TASK INSTRUCTIONS
Below are records with pictures in them. Output exactly the lines from the one with "Here’s some real" through the one with "Когда брусчатка подсохла, мы", both included, and leave every picture out; give only those lines.

SOURCE MATERIAL
*-*-*

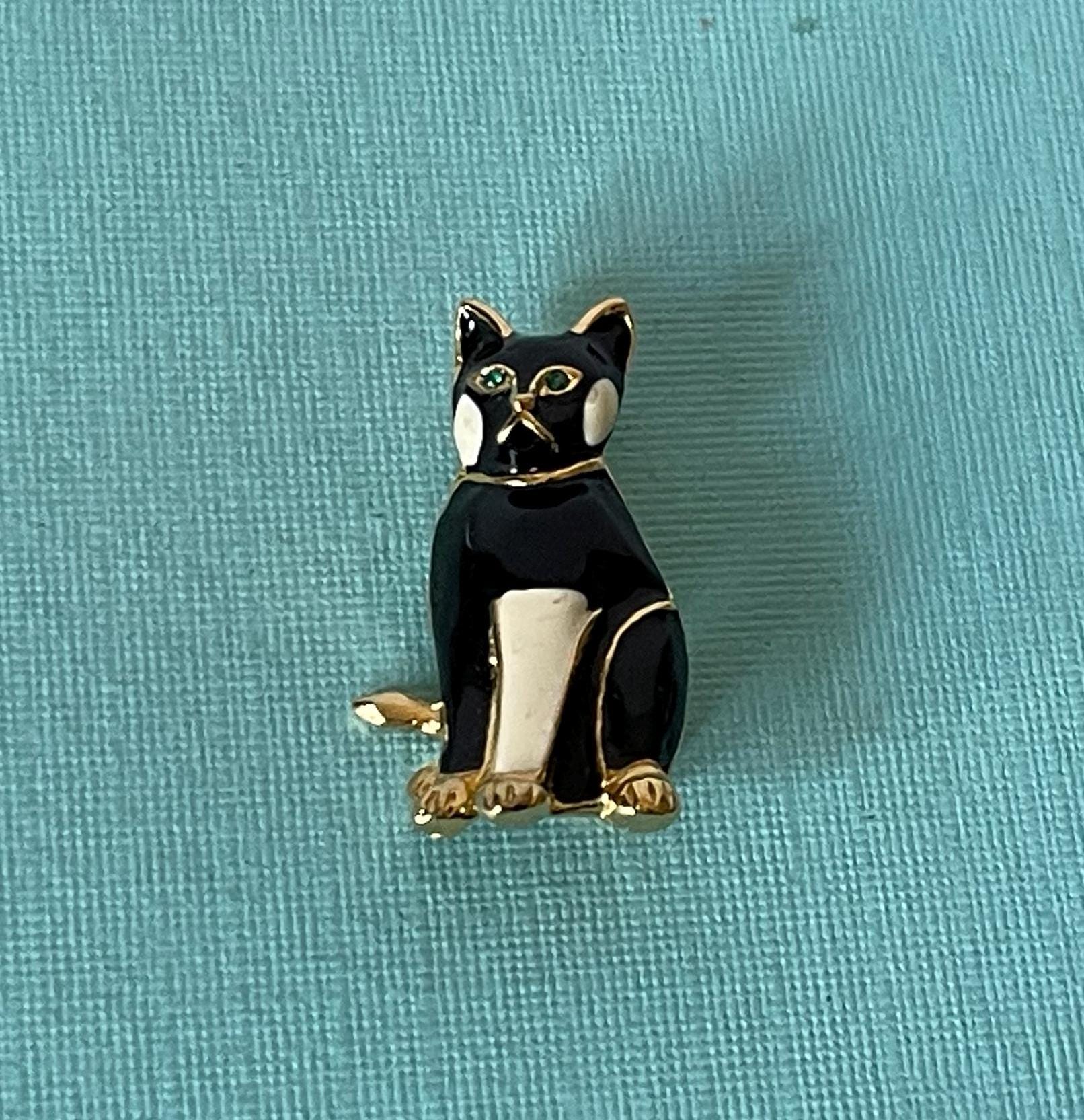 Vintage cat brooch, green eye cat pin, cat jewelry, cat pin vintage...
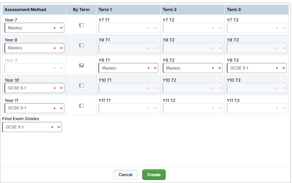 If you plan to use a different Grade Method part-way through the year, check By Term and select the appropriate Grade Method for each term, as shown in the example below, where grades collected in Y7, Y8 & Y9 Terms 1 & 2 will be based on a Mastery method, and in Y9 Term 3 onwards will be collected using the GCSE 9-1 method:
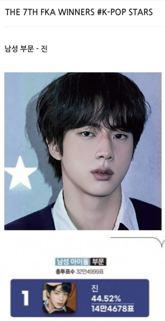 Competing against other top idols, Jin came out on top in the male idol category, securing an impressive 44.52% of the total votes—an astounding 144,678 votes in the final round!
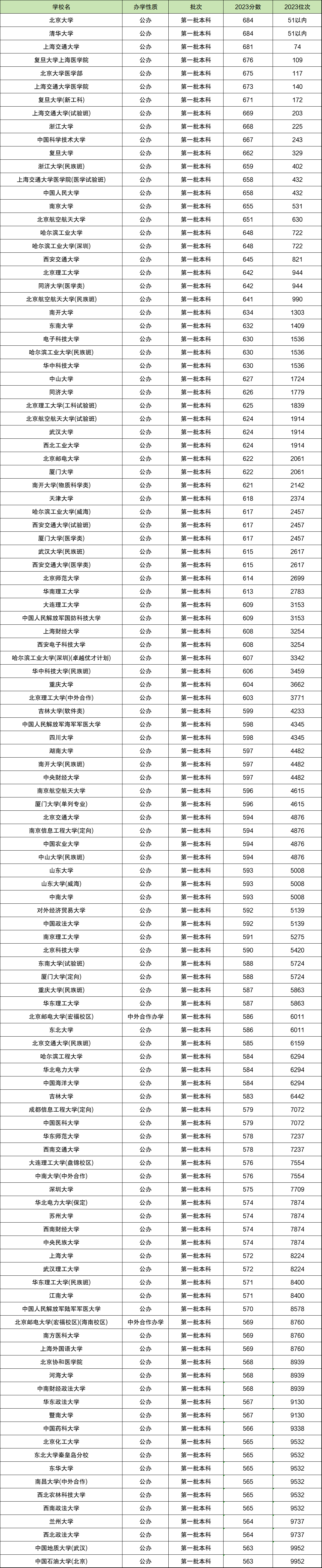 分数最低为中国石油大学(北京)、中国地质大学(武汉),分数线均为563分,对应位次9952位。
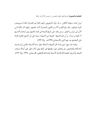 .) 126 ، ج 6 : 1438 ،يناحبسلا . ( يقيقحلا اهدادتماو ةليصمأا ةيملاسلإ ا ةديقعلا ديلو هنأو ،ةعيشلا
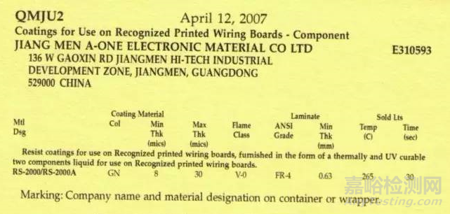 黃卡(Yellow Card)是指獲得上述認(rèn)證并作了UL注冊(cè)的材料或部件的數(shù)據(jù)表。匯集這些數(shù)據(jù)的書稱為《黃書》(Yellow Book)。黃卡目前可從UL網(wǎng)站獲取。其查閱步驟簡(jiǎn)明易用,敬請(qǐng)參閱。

*-*-*

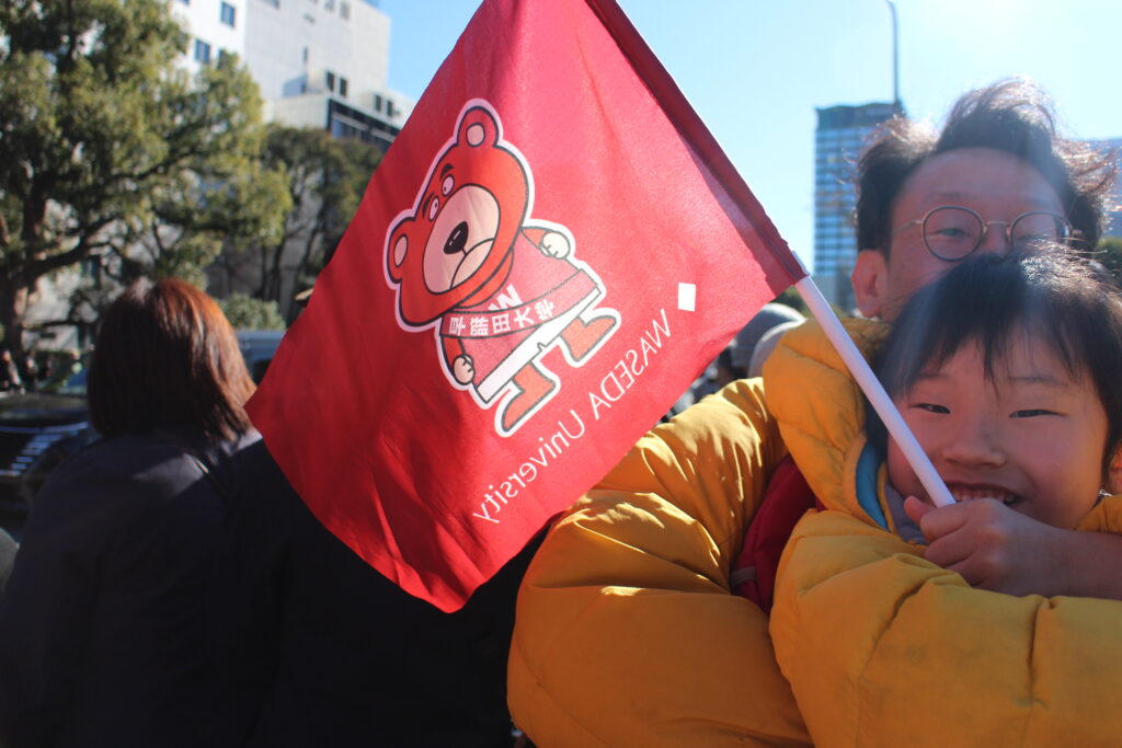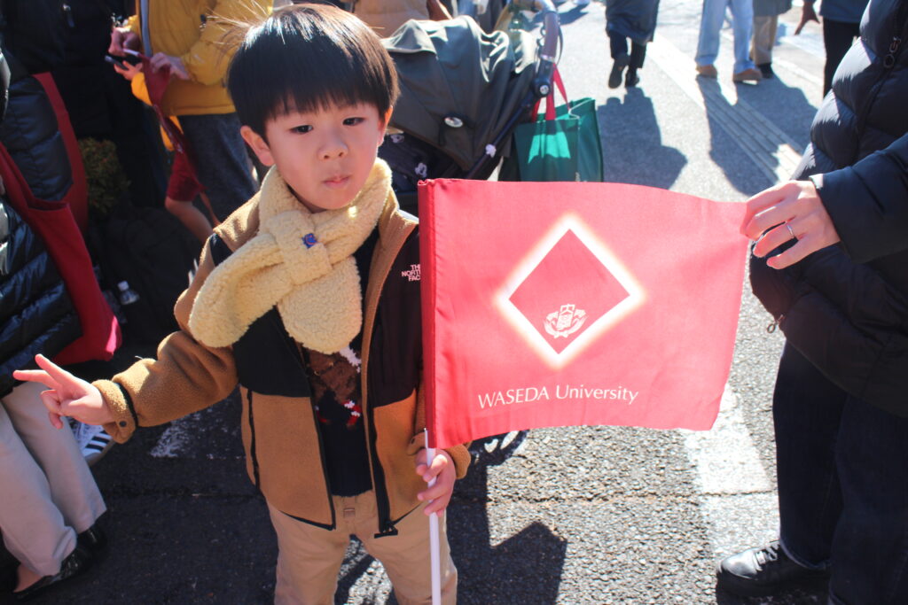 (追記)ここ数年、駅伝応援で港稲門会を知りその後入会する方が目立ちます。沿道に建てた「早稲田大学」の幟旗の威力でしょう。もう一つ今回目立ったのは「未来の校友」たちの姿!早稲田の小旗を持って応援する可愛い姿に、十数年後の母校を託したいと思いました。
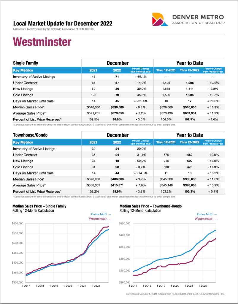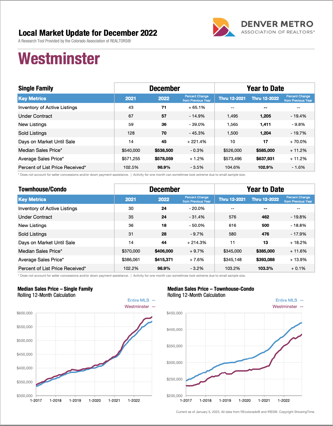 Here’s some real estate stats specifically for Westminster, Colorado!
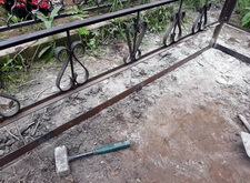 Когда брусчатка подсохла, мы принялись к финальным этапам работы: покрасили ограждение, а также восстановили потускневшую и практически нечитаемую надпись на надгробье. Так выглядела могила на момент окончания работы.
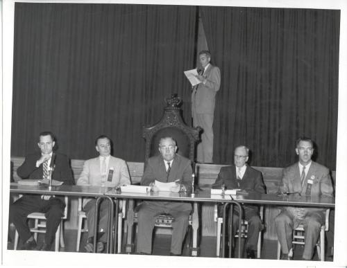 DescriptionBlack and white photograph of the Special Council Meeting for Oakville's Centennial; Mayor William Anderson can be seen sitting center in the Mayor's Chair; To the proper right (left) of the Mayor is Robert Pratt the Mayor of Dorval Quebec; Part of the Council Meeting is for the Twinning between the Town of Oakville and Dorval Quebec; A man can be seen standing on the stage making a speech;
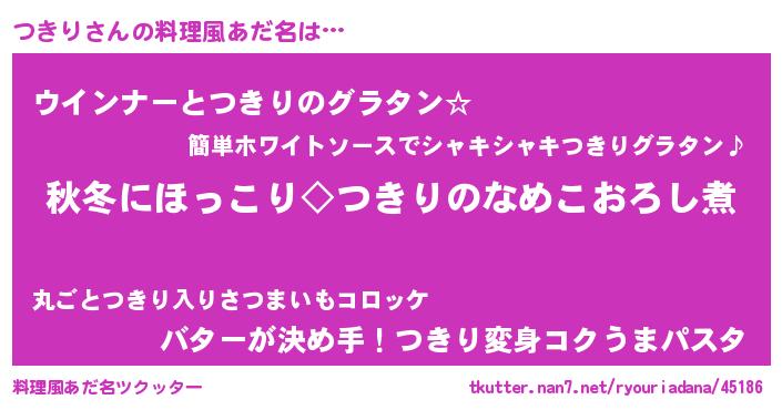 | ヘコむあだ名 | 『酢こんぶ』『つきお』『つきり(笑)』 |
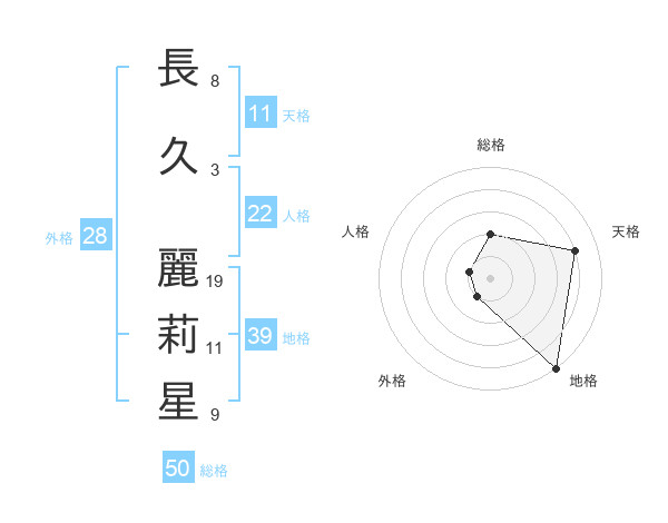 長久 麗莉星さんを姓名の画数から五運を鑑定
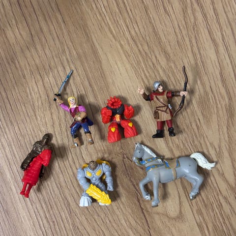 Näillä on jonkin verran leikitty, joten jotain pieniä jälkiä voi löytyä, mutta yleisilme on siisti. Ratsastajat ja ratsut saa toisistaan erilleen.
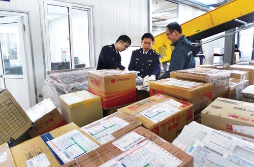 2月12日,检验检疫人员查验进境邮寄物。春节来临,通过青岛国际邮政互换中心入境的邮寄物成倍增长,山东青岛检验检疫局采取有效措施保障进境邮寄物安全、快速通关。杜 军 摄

*-*-*

SOLUTION FOR THIS EXERCISE
 Here’s some real estate stats specifically for Westminster, Colorado!
 Когда брусчатка подсохла, мы принялись к финальным этапам работы: покрасили ограждение, а также восстановили потускневшую и практически нечитаемую надпись на надгробье. Так выглядела могила на момент окончания работы.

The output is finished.